Bima tentu bingung dengan tingkah sang Ibu yang tidak biasanya sampai menunggunya di luar. Bima merasa ada yang aneh dan curiga pada Maura Ibunya.
"Papa sudah menunggu kamu di dalam. Ayo masuk Nak!" Maura berbisik lirih pada Bima dengan exfresi yang tidak bisa di tebak.
Bima semakin di buat bingung. Ada apa Papanya menunggunya pulang. Padahal Bima sudah biasa pulang sore atau bahkan pulang malam.
Bima mengangguk dan mengikuti langkah sang Ibu, Bima tidak banyak bertanya lagi, pria itu berjalan gontai di belakang sang Ibu sambil berpikir keras!
"Bima. Duduklah, Papa mau bicara!" Bisma Ayah Bima itu langsung menyuruh Bima untuk duduk menghadap dirinya setelah melihat sang Putra berjalan mendekatinya.
Bima pun menurut saja dan duduk dengan hati yang gelisah!
Bisma menatap intens pada Bima membuat Bima menunduk takut dan tidak berani mengangkat wajahnya untuk menatap sang Ayah.
"Bima. Lihat Papa!" Bisma dengan tegas menginterupsi Bima untuk menatapnya. Bima pun mengangkat wajahnya dan menatap takut pada sang Ayah.

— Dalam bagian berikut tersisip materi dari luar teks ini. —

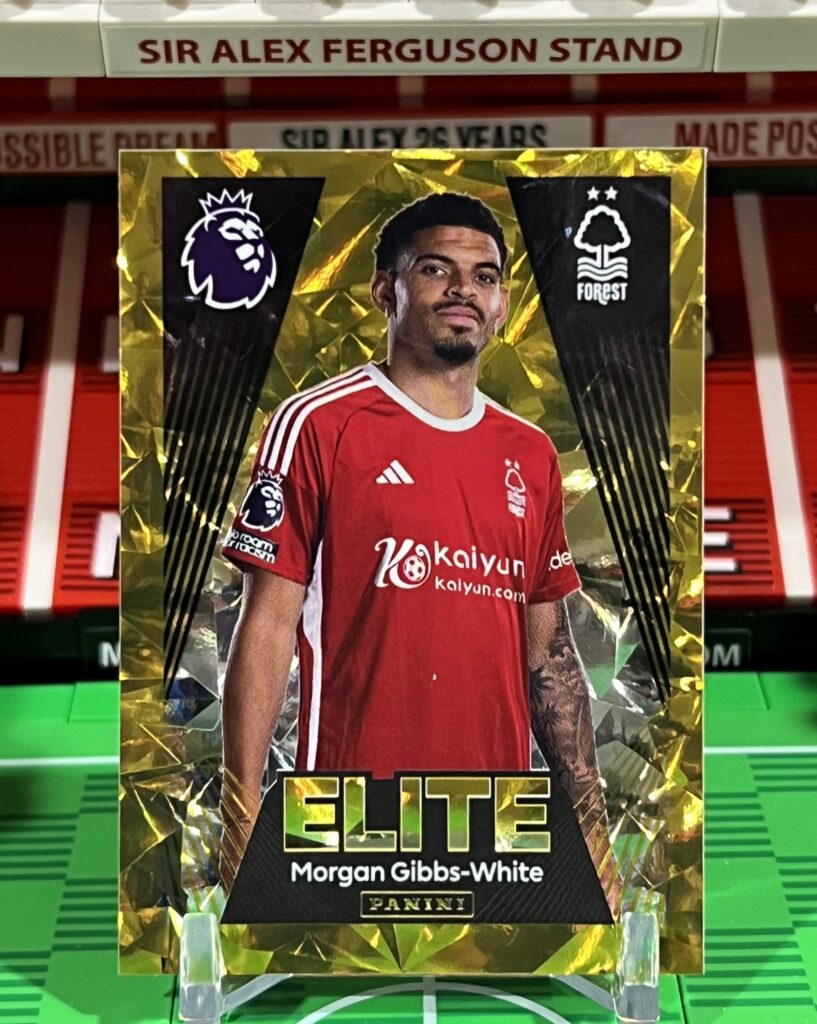 Description: Morgan Gibbs-White Elite sticker from the 2024 Panini English Premier League sticker collection

"Bima. kamu sudah mengenal Kanza sejak kecil, bukan?" Bisma menatap serius pada Bima.
Deg!
Bima sontak saja kaget, tiba-tiba sang Ayah menyebutkan nama Kanza. Perasaan Bima mulai tidak tenang dan gelisah. Bima mencoba bersikap tenang dengan nafas yang naik turun.

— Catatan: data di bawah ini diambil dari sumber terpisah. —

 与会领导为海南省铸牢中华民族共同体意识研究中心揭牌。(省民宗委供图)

"Iya. Memangnya kenapa Pa?, bukankah Papa dan Om Arfan sahabatan sejak muda kan?" Bima menatap ragu pada sang Ayah.
"Ya benar. Karena itu, Papa dan Om Arfan ingin menjodohkan kamu dengan Kanza, kamu mau kan Bima?" Bisma menatap intens pada Bima.

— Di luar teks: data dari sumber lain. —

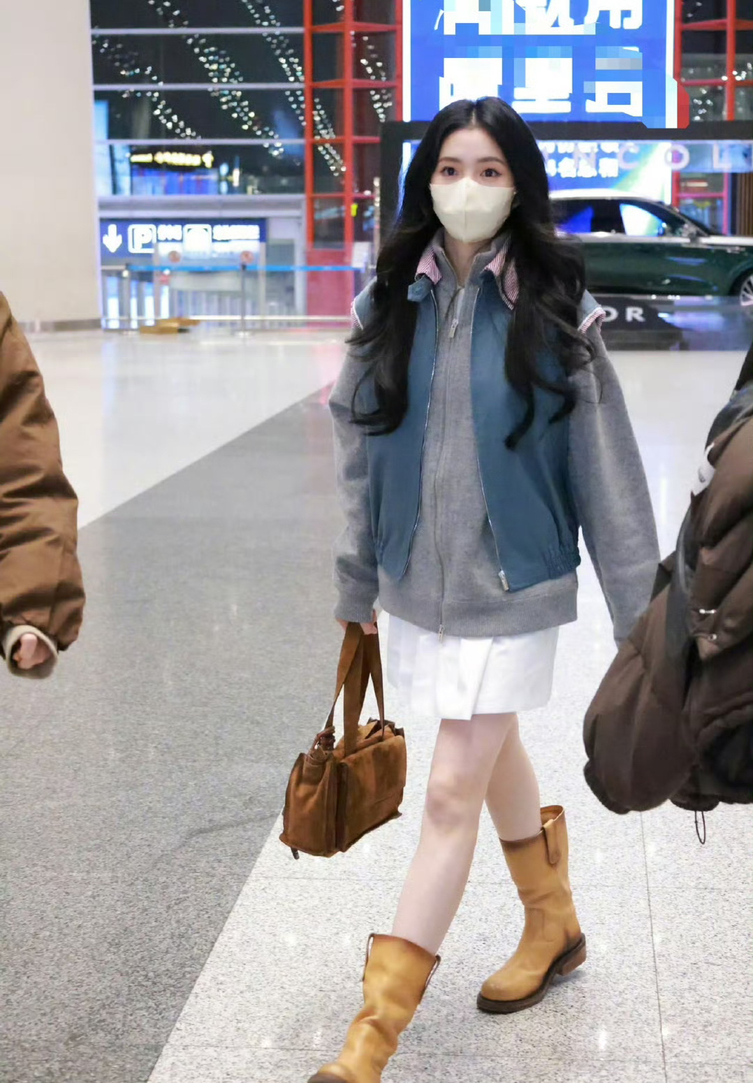 刘浩存出发巴黎时装周,一身甜酷风穿搭现身机场,大波浪发型搭配短裙长靴,整体造型又甜又酷

Bima melotot tak percaya pada sang Ayah. Tentu saja hati Bima menolak perjodohan itu. Rencana macam apa yang telah di sepakati antara Ayahnya dan sahabatnya itu. Bima tidak habis pikir, sang Ayah memiliki pemikiran yang kuno di jaman yang sudah maju ini. Bima tersenyum kecut. dengan nafas yang naik turun Bima menunduk menahan emosi di hatinya.
Bima ingin tahu terlebih dulu apa rencana sang Ayah di balik perjodohan dirinya dengan Kanza!
"Bima. Papa harap kamu tidak akan menolak perjodohan ini. Dengan perjodohan ini keluarga kita akan tetap terjaga silaturahminya kan. Lagian kalian sudah dewasa. Sebentar lagi juga kamu Wisuda kan?" Bima menatap Bima dengan intens.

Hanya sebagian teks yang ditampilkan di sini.